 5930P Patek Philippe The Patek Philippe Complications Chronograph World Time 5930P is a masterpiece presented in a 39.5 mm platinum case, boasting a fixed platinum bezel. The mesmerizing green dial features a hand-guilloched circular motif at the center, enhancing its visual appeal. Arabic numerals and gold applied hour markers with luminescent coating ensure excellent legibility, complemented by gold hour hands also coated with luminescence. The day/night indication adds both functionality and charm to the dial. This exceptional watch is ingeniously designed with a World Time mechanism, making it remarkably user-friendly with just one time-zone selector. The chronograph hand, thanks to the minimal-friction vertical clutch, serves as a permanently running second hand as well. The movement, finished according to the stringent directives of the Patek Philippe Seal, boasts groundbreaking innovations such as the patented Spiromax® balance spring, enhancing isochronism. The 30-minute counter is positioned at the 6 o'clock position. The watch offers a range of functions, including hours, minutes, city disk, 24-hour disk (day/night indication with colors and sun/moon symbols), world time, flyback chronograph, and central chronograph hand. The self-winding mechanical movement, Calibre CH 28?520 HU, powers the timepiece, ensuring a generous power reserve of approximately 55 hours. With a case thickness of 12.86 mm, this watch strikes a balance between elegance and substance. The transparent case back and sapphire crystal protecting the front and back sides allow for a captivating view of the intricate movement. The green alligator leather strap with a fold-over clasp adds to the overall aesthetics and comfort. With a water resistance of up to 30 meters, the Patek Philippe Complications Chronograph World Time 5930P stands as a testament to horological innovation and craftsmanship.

* * *

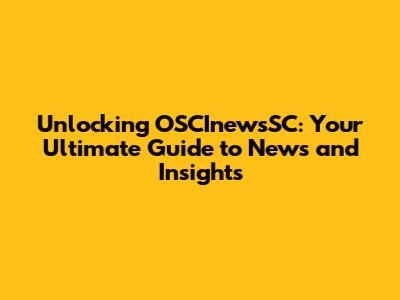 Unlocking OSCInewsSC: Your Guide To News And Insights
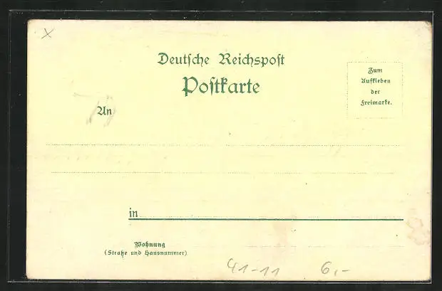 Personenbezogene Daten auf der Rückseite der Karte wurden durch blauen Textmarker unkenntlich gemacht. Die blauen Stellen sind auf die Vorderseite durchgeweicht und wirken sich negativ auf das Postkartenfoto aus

---

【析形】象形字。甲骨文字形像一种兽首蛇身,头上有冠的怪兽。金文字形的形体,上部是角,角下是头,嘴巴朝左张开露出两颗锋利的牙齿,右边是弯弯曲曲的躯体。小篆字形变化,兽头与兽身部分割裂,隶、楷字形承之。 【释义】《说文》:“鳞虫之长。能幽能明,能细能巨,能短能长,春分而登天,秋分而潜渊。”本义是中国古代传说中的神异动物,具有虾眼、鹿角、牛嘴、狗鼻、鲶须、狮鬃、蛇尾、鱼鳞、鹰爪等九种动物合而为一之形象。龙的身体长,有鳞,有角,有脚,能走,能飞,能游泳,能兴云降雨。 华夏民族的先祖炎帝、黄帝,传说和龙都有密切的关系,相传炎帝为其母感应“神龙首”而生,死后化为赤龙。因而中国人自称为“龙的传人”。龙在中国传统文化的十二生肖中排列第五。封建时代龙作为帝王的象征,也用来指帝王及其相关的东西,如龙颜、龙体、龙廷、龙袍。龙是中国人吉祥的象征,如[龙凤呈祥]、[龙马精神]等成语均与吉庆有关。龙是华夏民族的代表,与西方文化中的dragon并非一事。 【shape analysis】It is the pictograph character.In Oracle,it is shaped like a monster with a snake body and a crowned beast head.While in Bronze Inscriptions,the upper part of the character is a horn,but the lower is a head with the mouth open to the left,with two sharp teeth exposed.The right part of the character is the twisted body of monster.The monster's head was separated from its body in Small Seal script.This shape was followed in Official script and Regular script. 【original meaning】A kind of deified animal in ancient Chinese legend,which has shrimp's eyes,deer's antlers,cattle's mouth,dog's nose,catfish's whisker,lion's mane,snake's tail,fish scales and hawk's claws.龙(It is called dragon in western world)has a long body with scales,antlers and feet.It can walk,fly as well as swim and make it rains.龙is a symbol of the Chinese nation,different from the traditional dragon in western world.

What the task asks: Would you give again, exactly, the lines in the data above that run from the line containing "Unlocking OSCInewsSC: Your" to the line containing "Personenbezogene Daten auf"? Include both ends and no pictures.

Exercise result:
 Unlocking OSCInewsSC: Your Guide To News And Insights
 Personenbezogene Daten auf der Rückseite der Karte wurden durch blauen Textmarker unkenntlich gemacht. Die blauen Stellen sind auf die Vorderseite durchgeweicht und wirken sich negativ auf das Postkartenfoto aus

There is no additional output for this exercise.